Programming Puzzle 1 Solution

This is solution to the previous blog post.

So there’s a couple things going on here. They include trigraphs, strange pointer arithmetic, casting, single and multi-line comments, and general compiler abuse. Let’s take this apart step by step:

Trigraphs

Trigraphs were used several decades ago when keyboards then didn’t have all of the characters that we now have, such as curly braces, backslashes, etc. So, in order to encode these, three-character strings were used. Typically, the original trigraphs of C at least had a ?? prefix. (In C99, the notion of a standard prefix for trigraphs was removed). The ones I used in this program were ??/ (backslash), ??) (left square brace), ??( (right square brace), ??! (pipe), ??< (right curly brace), and ??< (left curly brace).

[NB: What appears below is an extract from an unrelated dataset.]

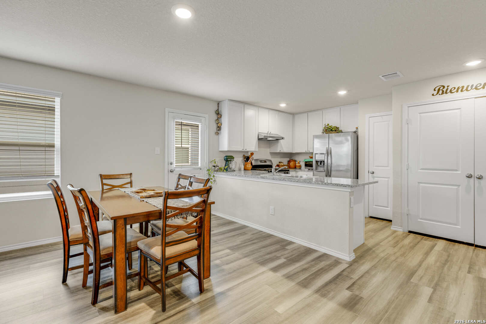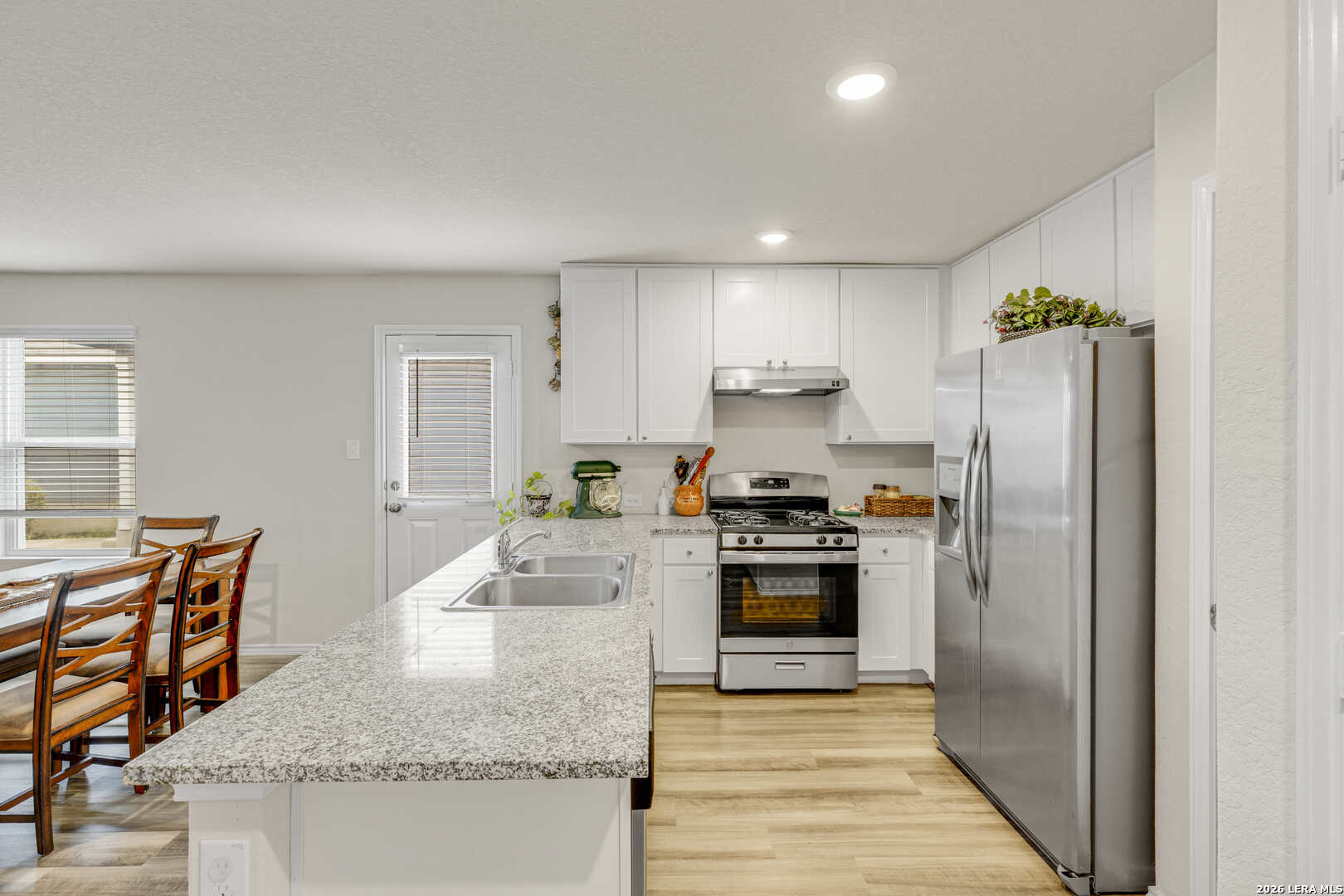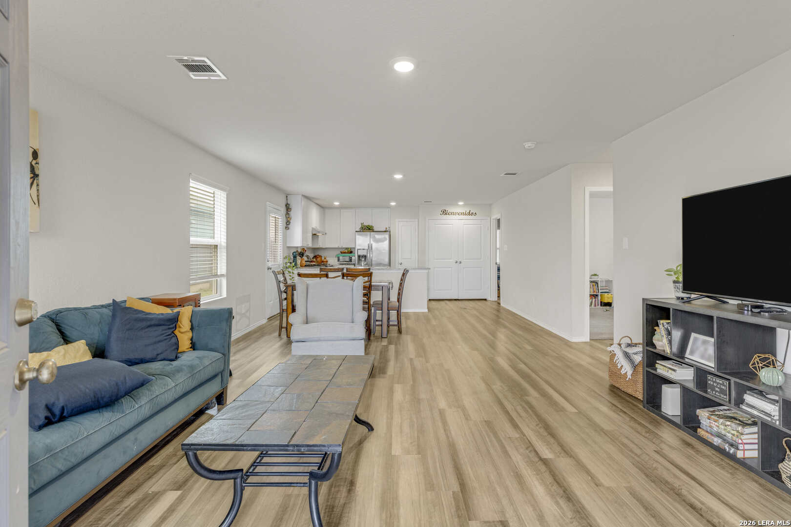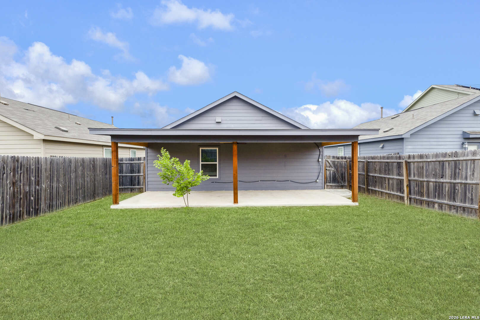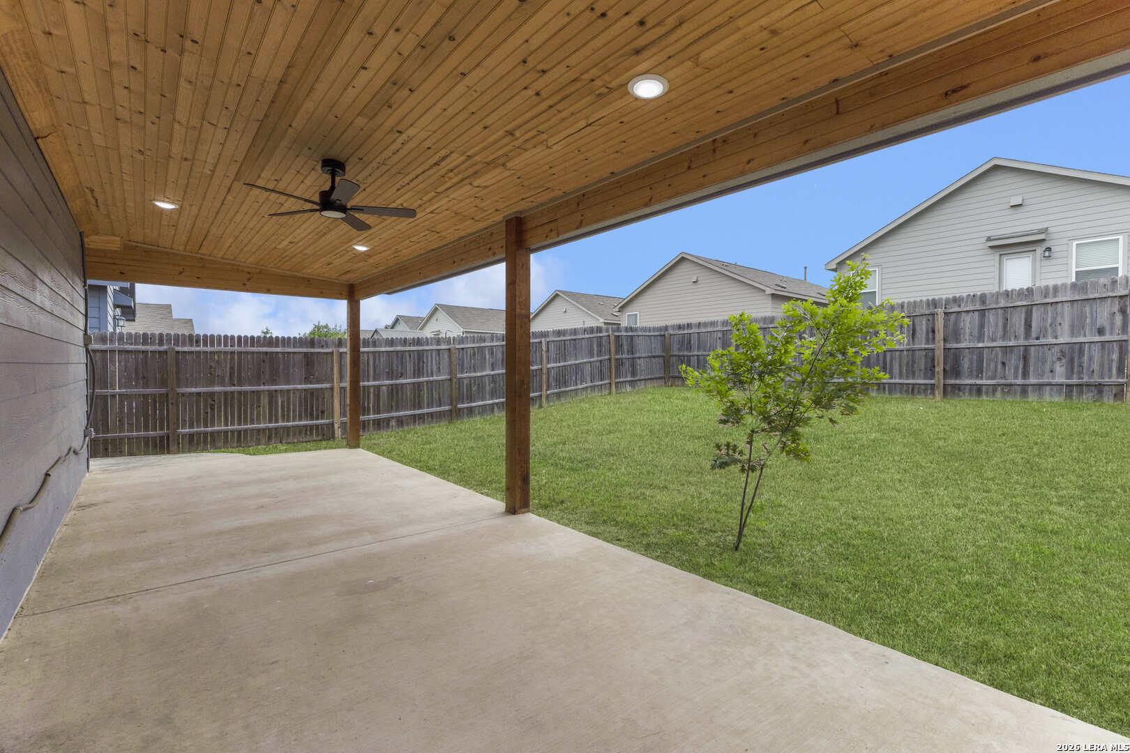Beautiful 3-Bedroom, 2-Bathroom home with a spacious open-concept floor plan features abundant natural light, recessed lighting, and bright, airy living spaces perfect for entertaining, remote work, or comfortable everyday living. Step outside to enjoy a private backyard retreat complete with a large, custom built covered patio ideal for relaxing or hosting gatherings. Neighborhood amenities include a resort-style pool, playground, fitness center, and amenity center. Conveniently located next to a school with easy access to major highways, shopping, dining, and Lackland AFB. Schedule your showing today!

The first one is the most interesting. In C, the backslash character can be used to write strings that are too long to fit on a line (the only thing to note is that the continuation of the string must occur immediately on the next line, without spacing. Since this breaks code indentation, other techniques are generally used (such as string concatenation either through strcpy, strncpy, memcpy, or less traditionally, two literal strings right next to each other. (There are other ways too). However, since trigraph (and digraph) substitution is done in the pre-processing stage, this concept of breaking onto new lines works for anything! So, let’s take the original source code given and substitute all of our trigraphs in and fix indentation:

Caveat: GCC4 turns off trigraphs by default as they make reading code much more complicated if used obscurely. That’s the reason behind the “w/ appropriate flags” condition on the problem statement. To turn it back on, compile with -trigraphs.

#define define include
#define include define
#include <stdio.h>
#include <stdlib.h>
main(/*int, char*/) { char* c;c = calloc(10, sizeof(*c))//c = "hello, world" ; #define int char ;int
x=(sizeof(int)<<sizeof(c))+(sizeof(int)>>sizeof(*c)), i=* c;do
c[++i]="0123456789abcdef"[x & 0xf];while(x>>=sizeof(i));
for(;x|i;--i)putchar(c[i]); }

That cleans up a lot of things. Now we see that there are actually comments in this code! In fact, I just threw several clearly visible phrases (like the string “hello, world” and main() arguments) to trick a casual viewer into thinking that the functionality of the program was different from what it actually did.

Macro Definitions

Interestingly, the first two lines do nothing at all. To realize why, note that the pre-processor only traverses the source once. So, if we had actually made changes, they would not be reflected fast enough (on the first pass) to be properly dealt with by the pre-processor. The compiler would then complain about these unknown words (if the pre-processor didn’t fail first, which it almost certainly would). So we can just remove those lines. Below is the next revision of the source code, with comments and dead code removed and further indentation fixing.

#include <stdio.h>
#include <stdlib.h>
main() {
  char* c;
  c = calloc(10, sizeof(*c));
  int x=(sizeof(int)<<sizeof(c))+(sizeof(int)>>sizeof(*c)), i=* c;

  do c[++i]="0123456789abcdef"[x & 0xf];
  while(x>>=sizeof(i));

  for(;x|i;--i) putchar(c[i]);
}

Now this is looking much simpler. Let’s see if we can clean this up even more and then analyze the essential core of the program.

Sizeof Operator

This is a very simple part. The need for me to specify is a 32-bit OS is clear here: the size of pointers will be either 4-bytes or 8-bytes based on 32-bit or 64-bit operating systems. Now, I was sloppy in this program for assuming the size of ints and chars to be 4 bytes and 1 byte, respectively, but I don’t feel too bad since this was just a small puzzle, I specified the compiler and language specification, and the functionality of the program does not depend on those values except in one place..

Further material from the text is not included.